Fabián Andrés Rinaudo (born 15 May 1987 in Armstrong, Santa Fe) is an Argentinian footballer who plays as a midfielder. Rinaudo also holds an Italian passport, and sometimes plays with his nickname, Fito, on his shirt.

Club career

Gimnasia La Plata
He made his league debut for Gimnasia y Esgrima de La Plata in a 0–0 draw against River Plate on 5 October 2008. In the 2009-10 season he was awarded the prize for best player in the Torneo Apertura and second-best for the Torneo Clausura. He played 100 games for Gimnasia, his last one being a 1–1 draw against San Martín de San Juan, result that relegated Gimnasia to the Primera B Nacional.

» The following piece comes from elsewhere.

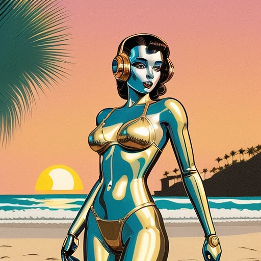 80s chrome and steel Retro Sunset, golgen hot robot girl in bikini, water, gold, illustration, inspired by James Jean 80s chtome and steel Retro Sunset, beach and palms scene, green, gold, illustration, inspired by James Jean, variation

Sporting Clube de Portugal
On 3 July 2011, Fito Rinaudo joined Portuguese club Sporting Clube de Portugal for an undisclosed fee, signing a four-year contract with a €25M minimum fee release clause. Sporting signed him in a leverage deal as the club later sold 15% economic rights to Sporting Portugal Fund for €525,000 and another 50% to Quality Sports Investments for €1.1 million. The club retained 35% economic rights on future transfer fee.

After Sporing sold the registration rights of Rinaudo to Catania, Sporting also paid €480,000 to Sporting Portugal Fund.

Calcio Catania
On 10 January 2014, he was loaned to Calcio Catania and made the move permanent later in July 2014 in a 3-year contract, for €1.6 million fee plus bonuses. Sporting would also receive 50% of the future transfer fee if Catania sold the player.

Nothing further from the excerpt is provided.